Thursday, July 23, 2020
The Loyola Law Review (Vol. 66, Spring 2020) recently published a symposium issue on my book, Consentability: Consent and Its Limits with a foreword by Brian Bix and contributions by Lori Andrews, Philip Cook and Kimberly Krawiec, Evan Selinger and Woodrow Hartzog, Sharon Thompson, Jonathan Witmer-Rich, R. George Wright, Eric Zacks, and Deborah Zalesne. It was really an honor to be able to engage with these incredible scholars on a wide range of subjects involving questions of consent and consentability, and I am thankful to Danni Hart for organizing this symposium. Although the symposium issue is not yet available on the law school's website, here is a link to Evan Selinger and Woody Hartzog's article, and a link to my Author's Response. An excerpt of my Author's Response is below:
This book project first started as a way for me to understand why the law permits individuals to consent to some activities but not others. This captures one of the two meanings of the term “consentability.” The first meaning refers to legality. Certain acts are simply not permitted and so one is not allowed to consent to them. These activities include paid sex work and selling one’s organs. But the question of legality or legal permissibility is tied to the second meaning of consentability, that of possibility. Some acts are not legal because it seems unlikely that anyone could or would actually want to consent to them. The nature of the act itself makes us question the validity of the consent. We believe that something went awry in the decision-making process—that there was some type of coercion involved, a lack of information about what the activity entailed, or some other defect in the decision- making process. We suspect, in other words, that given what the activity entails, nobody would really want to participate. This, however, raises the question—what does it mean to consent?
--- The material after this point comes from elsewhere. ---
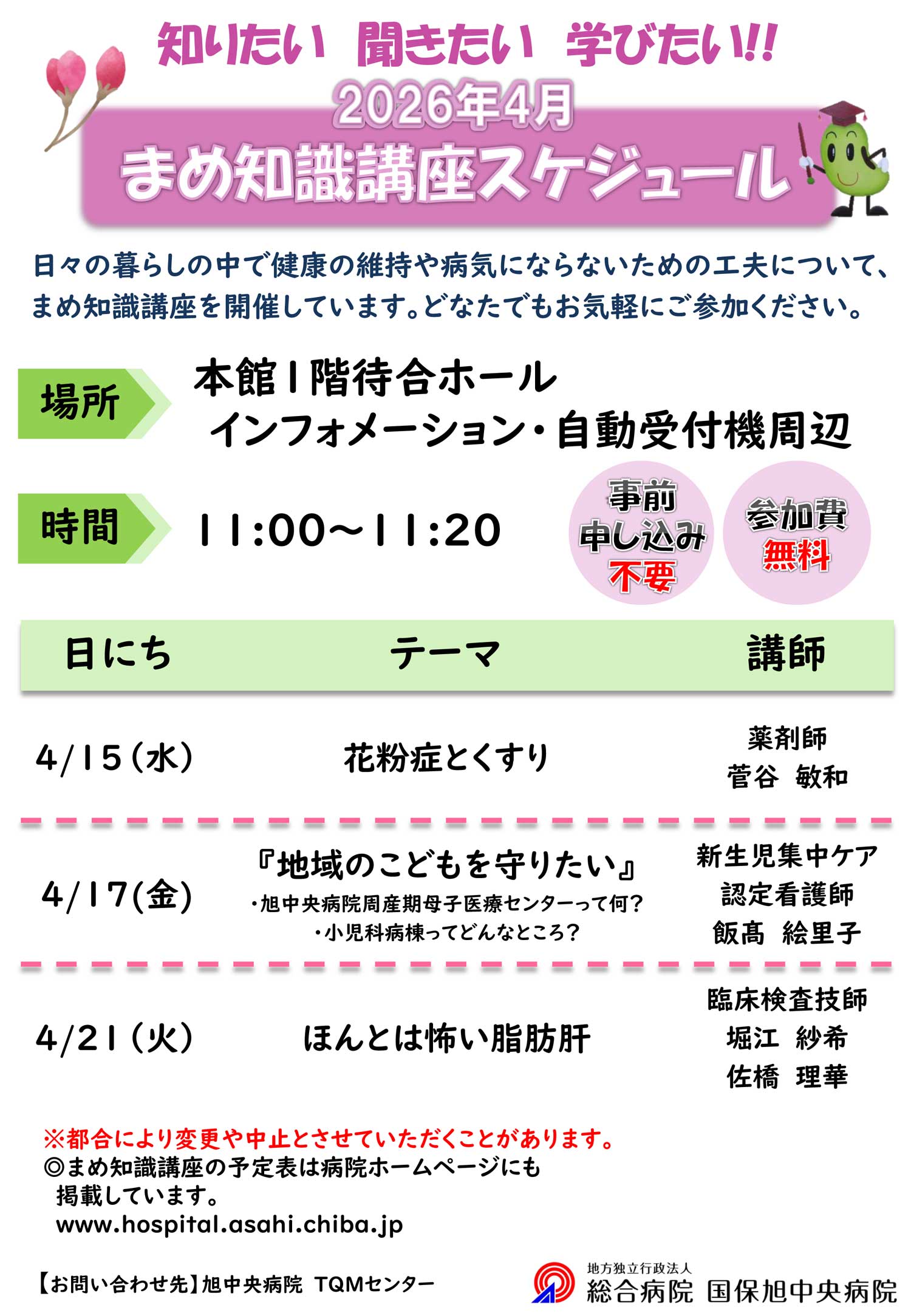 2015年2月より、外来患者さんとそのご家族を対象として、当院の院内横断活動チームのメンバーが講師となり、病気や健康、医療・介護に関する、まめ知識講座を開催しています。

Consent plays a unique and critical role in a society which is premised upon individual liberties. Guilt or innocence often hinges upon consent, as do violations of rules and regulations. Yet, the meaning of consent is amorphous and what the law and society deem to constitute consent in one context, would not suffice to constitute consent in another.
My book proposes a framework for evaluating consentabilty that recognizes the integrality and essence of consent. Consent requires three conditions: a manifestation (a word or act) of consent, knowledge, and voluntariness. The amount required of each condition (what I refer to as “robustness”) depends upon the activity. In my book, I introduced a hierarchy of threats to the autonomy interest based upon a number of factors. This hierarchy ranges from the "highest level" (death) to lower levels (temporary restrictions on the use of one's property). The greater the threat to the autonomy interest, the more robust the consent conditions must be in order to constitute “valid” consent. Consent is invalid where the threat to autonomy outweighs the conditions of consent. Consent is valid where the conditions of consent outweigh the threat to autonomy.
My definition of autonomy used within the context of the framework is not meant to assess the worth or value of an activity, but to assess whether the act might constrain the future self in such a way that it justifies greater caution (i.e. more robust consent conditions) before proceeding. The potential harm that someone might suffer from clicking “Agree” to a website’s terms and conditions before making a purchase generally poses less of a threat to the autonomy interest than signing a form to have a kidney removed, and so requires less robust consent conditions. Consenting to a kiss requires less robust conditions than consenting to sex. The greater the risk associated with the activity, the more certain we want to be that consent was given—and so the more robust must be the conditions of consent.